Surviving High-Conflict Divorce: Legal Abuse, Smear Campaigns, and Finding Hope
High-conflict divorce is not just a difficult breakup—it’s an entirely different experience that can drain finances, erode mental health, and deeply affect children. In a recent episode of Bent Not Broken, I spoke with Lisa Johnson, co-founder of Been There, Got Out, to unpack what truly makes a divorce “high conflict” and how people can survive it with clarity and strength.
Lisa explains that while many divorces begin with anger and chaos, high-conflict cases don’t settle over time. Instead, the conflict escalates—often fueled by addiction, personality disorders, or coercive control. Financial abuse is a nearly universal red flag. When one partner controls access to money, information, or decision-making, that imbalance often carries straight into the legal process through hidden assets, stalled discovery, and endless court battles.
One of the most damaging—but least understood—dynamics is legal abuse, where the court system itself is weaponized. This can look like repeated frivolous motions meant to exhaust the other parent financially or chronic refusal to comply with court orders, forcing constant returns to court.

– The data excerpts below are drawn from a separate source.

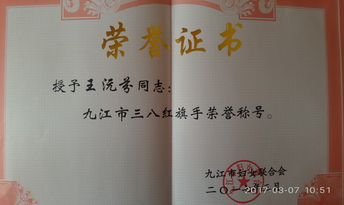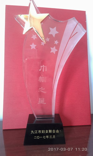 3月7日上午,九江市在市文化艺术中心举行庆祝“三八妇女节”活动,我校外国语学院教师王沅芬荣获“九江市三八红旗手”荣誉称号和“巾帼之星”奖杯,在颁奖典礼上上台领奖,反映了我校女教师的风采,为我校增得了荣誉。
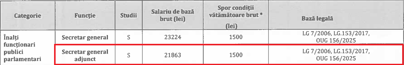 Între timp, salariile și beneficiile pentru cele trei secretare generale adjuncte curg. Un document din 31 martie 2025 arată că salariul pentru un astfel de post este de 21.863 de lei brut. La acest venit se adaugă și alte beneficii, cum ar fi mașină cu șofer pentru fiecare dintre secretarii generali adjuncți, dar și consilieri plătiți din banii Senatului.
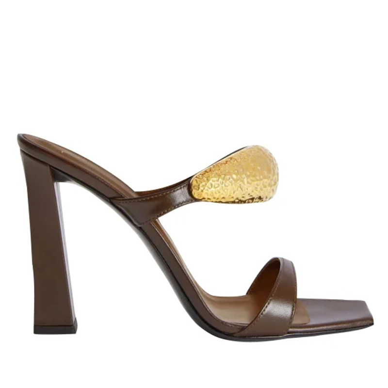 露趾粗跟外穿性感半拖女鞋 方頭金屬一字扣帶高跟涼鞋 2025早春新款由

Over time, this wears people down emotionally and financially, leaving them doubting themselves and the system meant to protect them.

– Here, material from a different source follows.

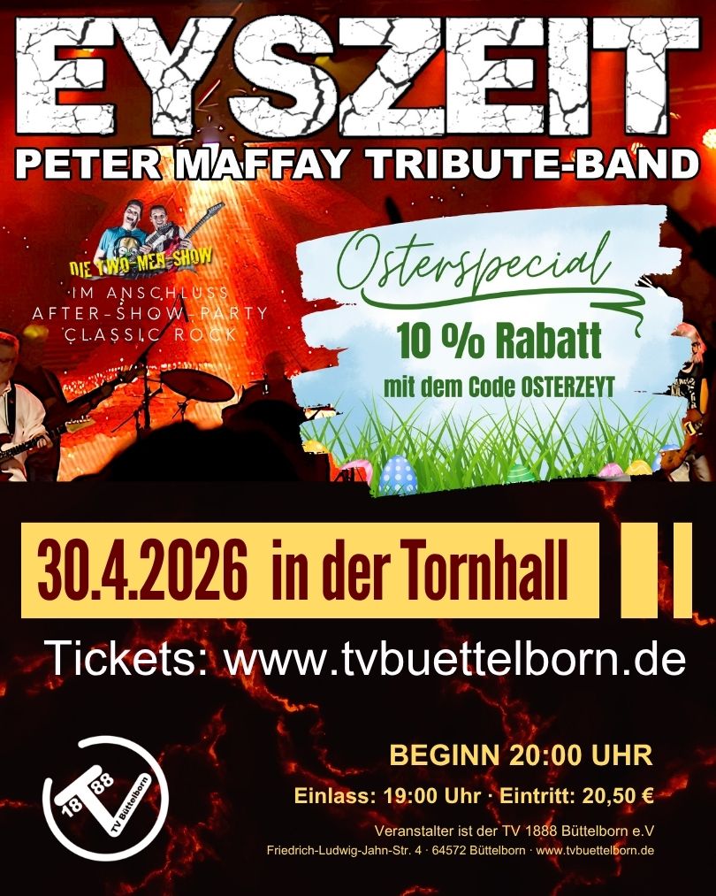 Daher gibt es noch einmal für alle, die den Code TVBEYSZEIT nutzen, 10% Rabatt auf die Ticketpreise. Sichert euch jetzt eure Karten und seid dabei, wenn EYSZEIT die Bühne rockt! Die Aktion läuft noch bis Ostermontag (6. April).

The impact on children can be devastating, especially when parental alienation enters the picture. Lisa emphasizes that protecting children doesn’t start with correcting lies—it starts with emotional regulation. When parents remain calm, validate feelings, and consistently show up, children eventually see the contrast between manipulation and safety.
Perhaps the most powerful message from this conversation is hope. Feeling angry, exhausted, or defeated does not mean you’re failing—it means you’re responding to an abnormal situation. With the right support, strategy, and boundaries, healing is possible. Life after legal abuse can be not just survivable, but deeply fulfilling.
You are not broken. You are navigating something extraordinarily hard—and you don’t have to do it alone.